* **Exercise requirements**
Return, unchanged and with no pictures, the lines below from the very first through the one that contains "Antall øyeblikkelig hjelp-innleggelser".

* **Supplied material**
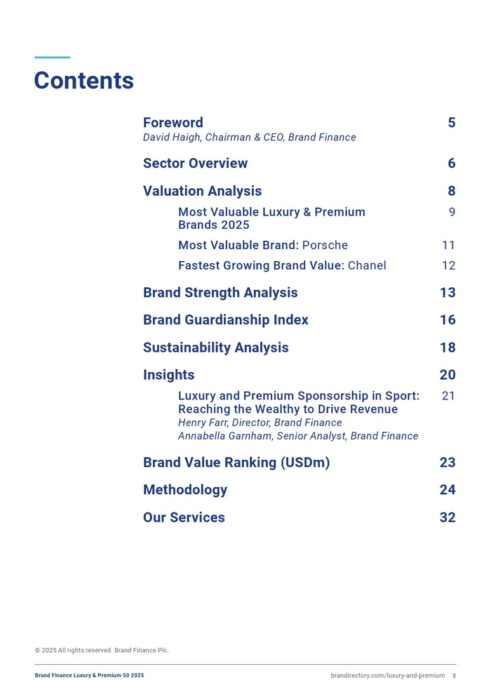 Brand Finance:2025年奢侈品和高端品牌50强
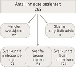 Antall øyeblikkelig hjelp-innleggelser i uke 23 omfattet 262 personer. Sykehuslegene leverte skjema for 175 pasienter (67 %) mens det tilsvarende tallet blant innleggende leger var 81 (31 %). For en gruppe på 54 pasienter (21 %) fikk vi inn skjema både fra innleggende og mottakende lege. Vi fikk inn opplysninger fra minst en av legene på 202 av 262 pasienter (77 %) (fig 1).
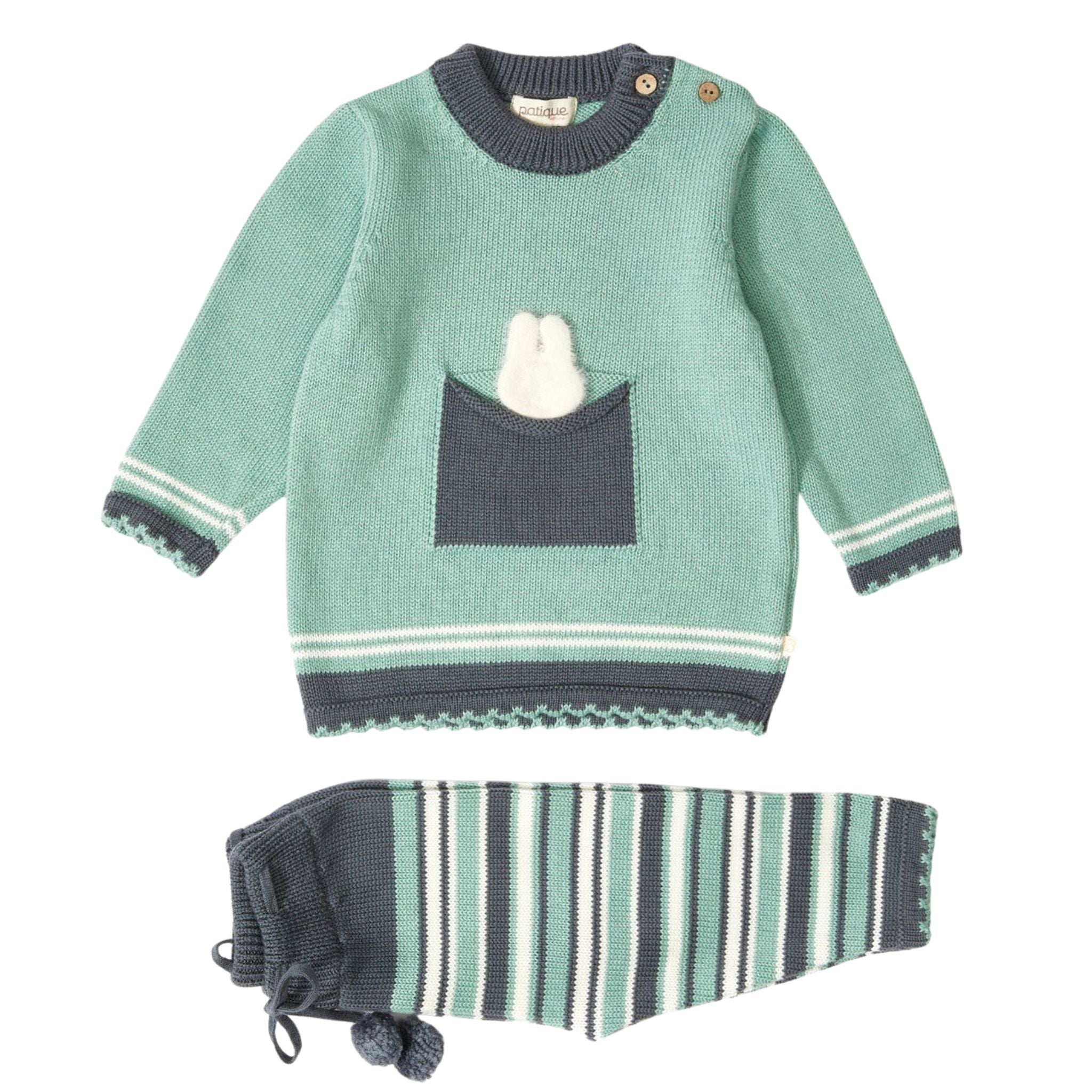 Patique Yeşil Tavşan Cepli Organik Pamuk Triko Takım, %100 organik pamuk kullanılarak GOTS (Global Organic Textile Standard) sertifikasıyla üretilmiştir. Hassas bebek ciltleri için tamamen güvenli olan bu takım, yumuşak ve nefes alabilir yapısıyla konfor sunar. Yeşil rengi ve tavşan desenli cepli tasarımı ile hem sevimli hem şık bir görünüm sağlar. Sonbahar ve kış mevsimi için uygun olan bu takım, bebeklerin hem günlük kullanım hem de özel günlerde rahatlıkla giyebileceği bir seçenektir. Patique Tavşan Desenli Organik Pamuk Triko Takım, yumuşak, nefes alabilir ve şık tasarımıyla bebeklerin konforunu ve tarzını bir araya getirir.
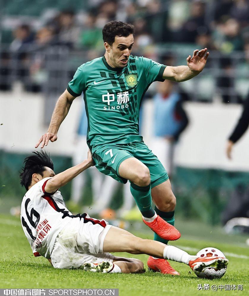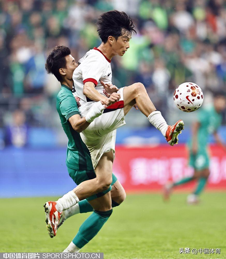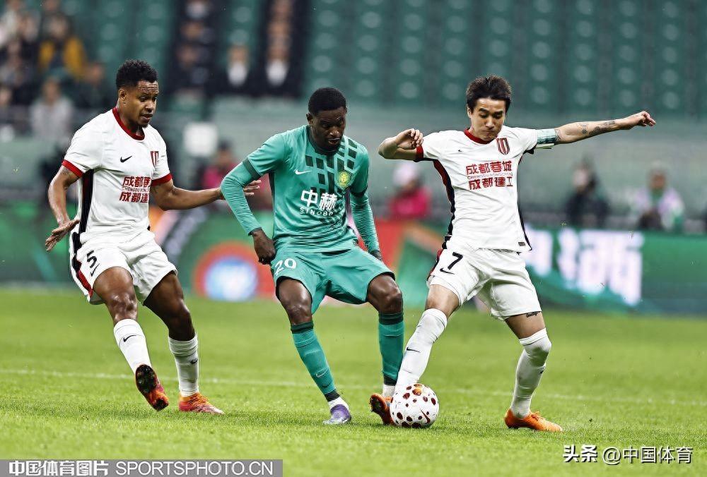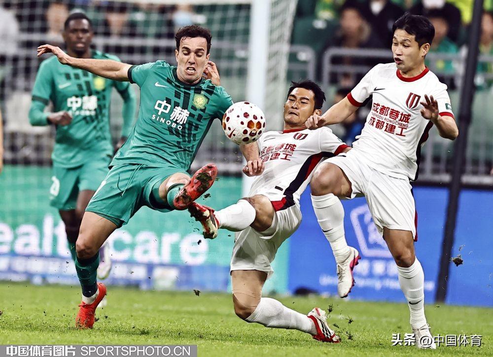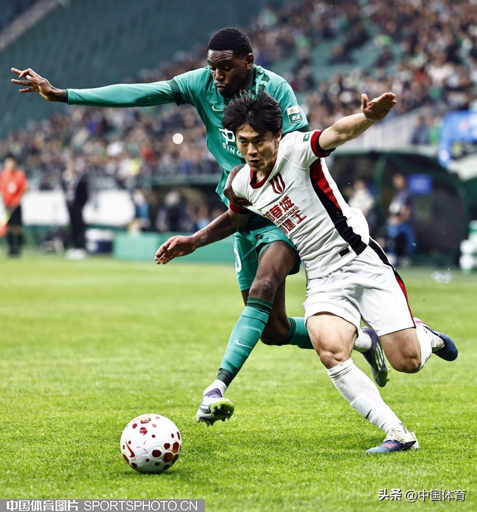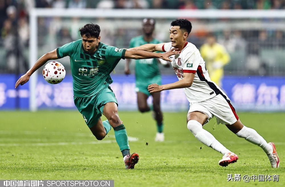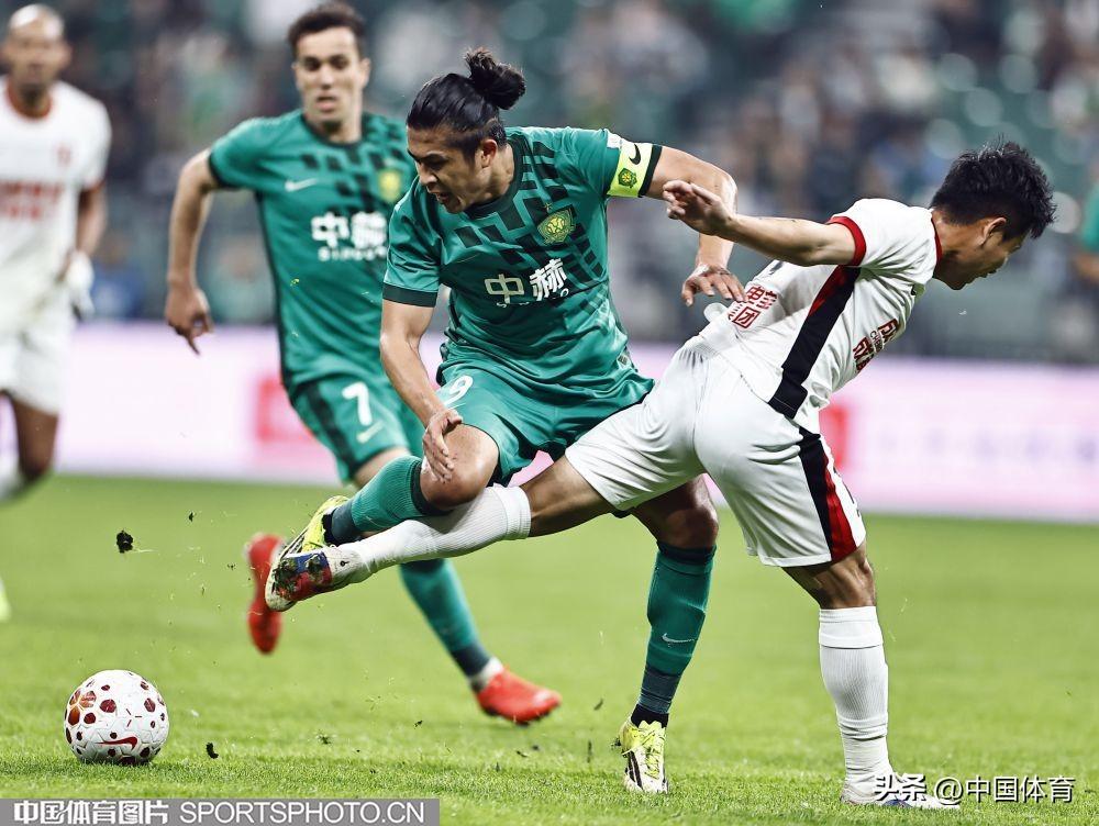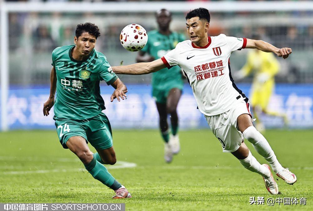 北京國安隊阿不都海米提·阿不都格尼(左)防守成都蓉城隊王子銘
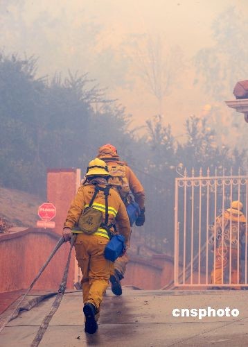 消防員進入洛杉磯近郊一家民宅后院進行滅火。中新社發 張煒 攝
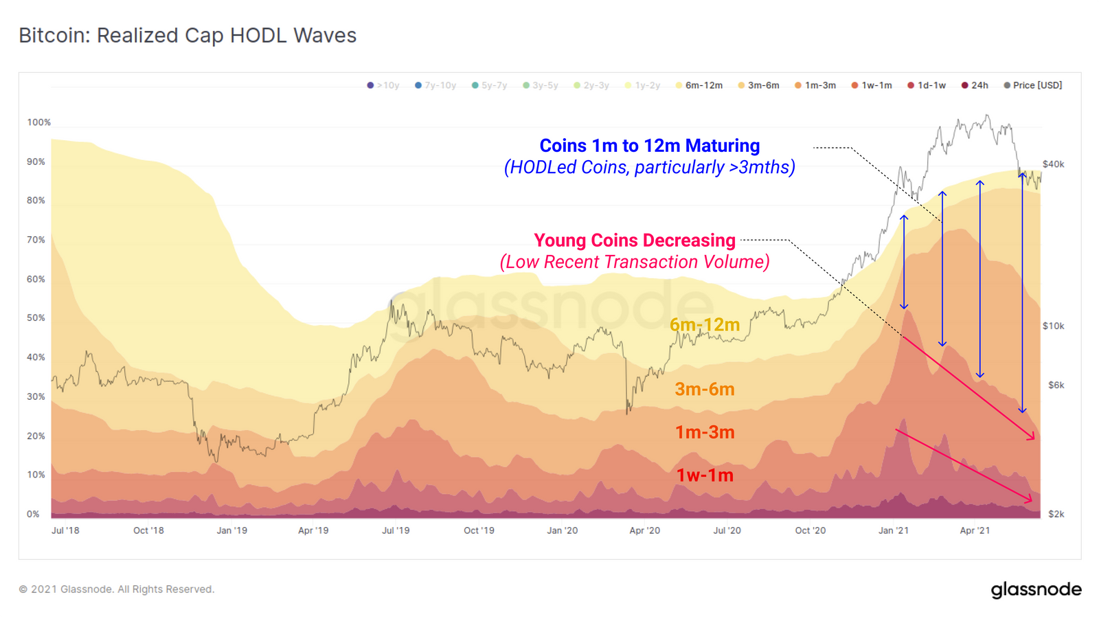 HODL waves affirm that, partially because of low volatility, the Bitcoin provide is ageing, and few traders are promoting.
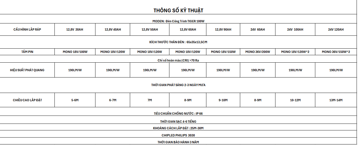 .Với thời lượng chiếu sáng vượt trội 2-3 ngày mưa sử dụng các bo mạch chuẩn thương hiệu,sạc xả nhanh chóng bảo vệ các thiết bị điện tử bên trong vô cùng tốt lên tới hàng chục năm. PSH không những là đơn vị cung cấp mã Đèn Công Trình Philips Tiger 100W mà còn hàng trăm mã đèn mang đến các tuyến công trình vô cùng vượt trội , đẳng cấp tôn vinh giá trị đèn năng lượng cao áp 12,8v..24v..25,6v..
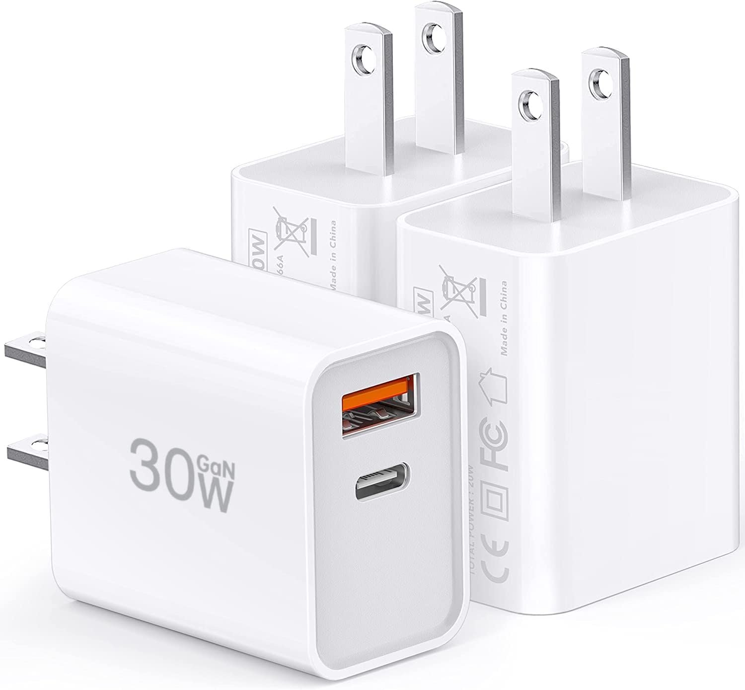 3 Pack USB C Wall Charger, 20W Durable Dual Port QC+PD 3.0 Power Adapter, Double Fast Plug Charging Block for iPhone 13/14/15/16/16 Pro/Pro Max/Plus, XS/XR/X, Watch Series 8/7 Cube,White
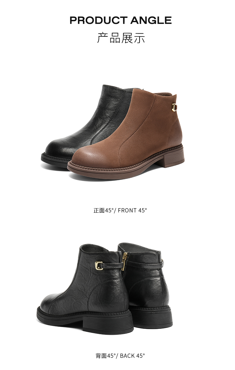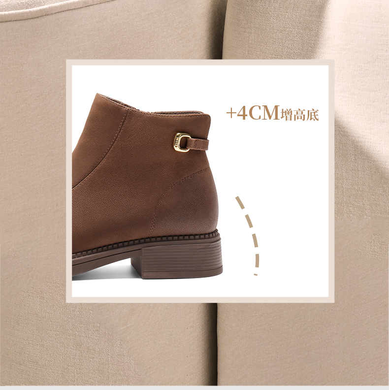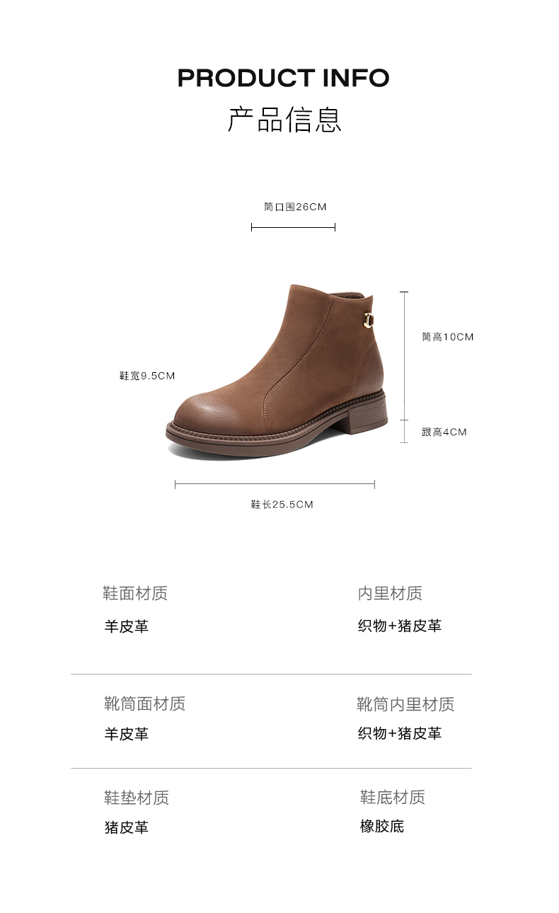 | 筒高数值:10CM | 性别:女子 | 靴筒筒面材质:羊皮革 | 里料材质:猪皮革织物 | 制鞋工艺:车线胶粘 |
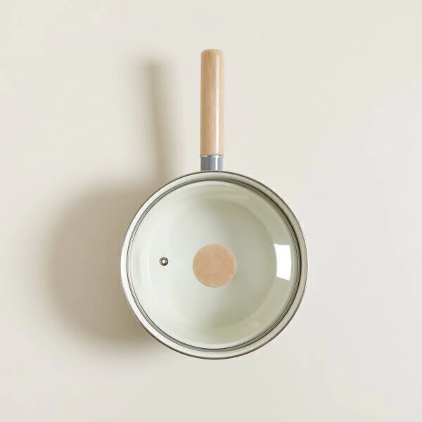 Cacerola enlozada de 20 cm en tono gris con mango lateral y tapa de vidrio templado con pomo de madera. Su diseño combina funcionalidad y estética moderna, ideal para cocinar y presentar directamente en la mesa. El esmalte vitrificado asegura una cocción uniforme y una fácil limpieza.
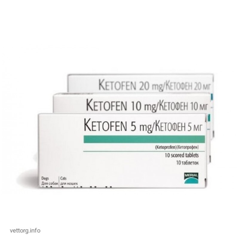 Кетофен в таблетках призначають собакам і кішкам в якості протизапального, анальгізуючого і жарознижуючого засобу при гострих і хронічних захворюваннях опорно-рухового апарату, в тому числі артрозах, артритах, травмах, грижах міжхребцевих дисків, для зняття запальних і больових реакцій після оперативних втручань.
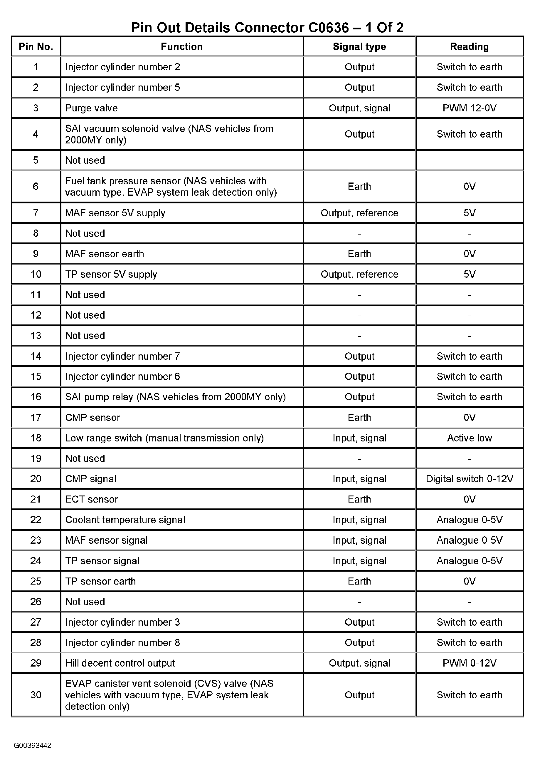 Home >> Land Rover >> 2000 >> Discovery >> Repair and Diagnosis (Single Page) >> Accessories & Equipment >> Cruise Control Systems >> Engine Controls - Description & Operation >> Description - Engine Management >> Engine Control Module (ECM) >> ECM Input/Output >> Connector 3 - C0636
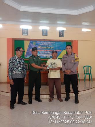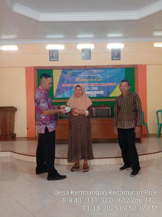 Giat hari ini senin tanggal sembilan belas bulan nopember tahun dua ribu dua puluh lima telah di lakukan penyaluran BLT DD sebanyak 20 KPM, masing - masing KPM mendapatkan Rp. 300.000. Kegiatan tersebut di hadiri oleh BKTM, Babinsa, dan Kepala Desa.
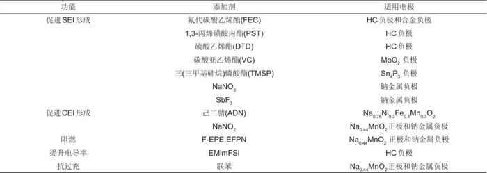 除了通过改善电极/电解液界面进而提升SIBs电化学性能以外,添加剂还可以通过调节电极/电解液处溶剂分子之间的相互作用,进而调节界面的溶剂化结构并提升界面稳定性。Yang等人通过向PC基电解液中引入六氟苯(HFB),通过削弱阳离子与PC分子之间的配位强度,有效抑制了Li+与PC分子在石墨负极上的共嵌入,从而提升了PC溶剂与石墨负极的相容性,提高了界面稳定性。另外,为了防止HFB在电极上发生分解,还可以向体系中引入FEC溶剂。由于FEC的还原电位相较于HFB更高,可以优先在负极上发生还原分解并形成保护性的SEI,进而抑制了HFB的分解。实验结果表明,在使用含有体积分数仅1%HFB的PC电解液的石墨/NCM811软包电池在1150次循环中表现出优异的长期循环稳定性。稳定的界面膜有利于降低钠离子通过的势垒,有利于提升电池的低温性能。一些功能添加剂及其适用的电极体系列于表1中。目前改善电解液低温性能的添加剂主要有腈、有机亚硫酸盐、氟代碳酸乙烯酯(FEC)、碳酸乙烯酯(VC)等,还需要进一步来探索特别适合SIBs的新型添加剂。
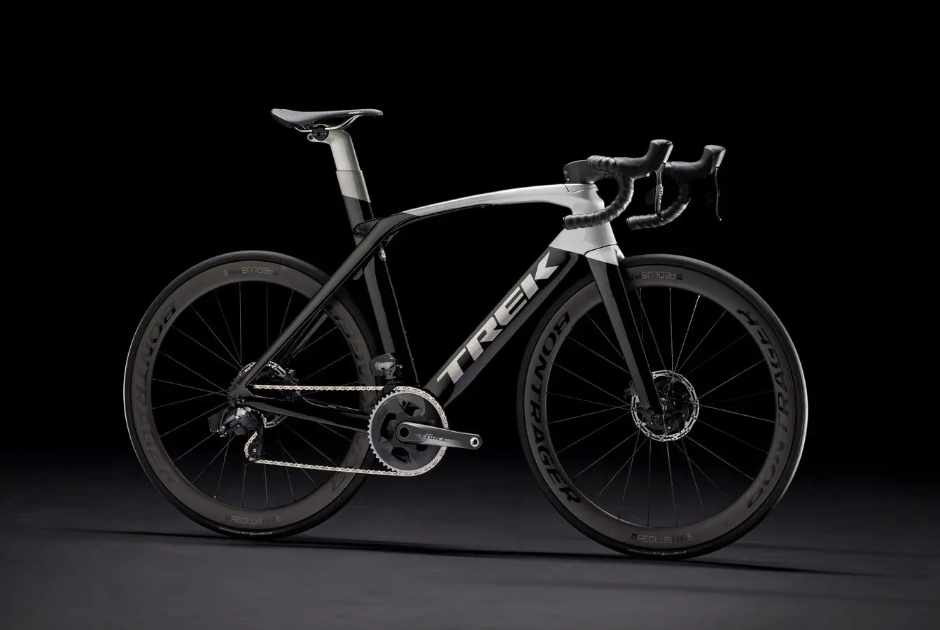 Disco completamente de carbono Madone KVF, poste de dirección cónico de carbono, portaejes de carbono, enrutamiento de cables oculto, frenos de disco de soporte plano, eje pasante de 12 mm.

* **Answer section**
 Brand Finance:2025年奢侈品和高端品牌50强
 Antall øyeblikkelig hjelp-innleggelser i uke 23 omfattet 262 personer. Sykehuslegene leverte skjema for 175 pasienter (67 %) mens det tilsvarende tallet blant innleggende leger var 81 (31 %). For en gruppe på 54 pasienter (21 %) fikk vi inn skjema både fra innleggende og mottakende lege. Vi fikk inn opplysninger fra minst en av legene på 202 av 262 pasienter (77 %) (fig 1).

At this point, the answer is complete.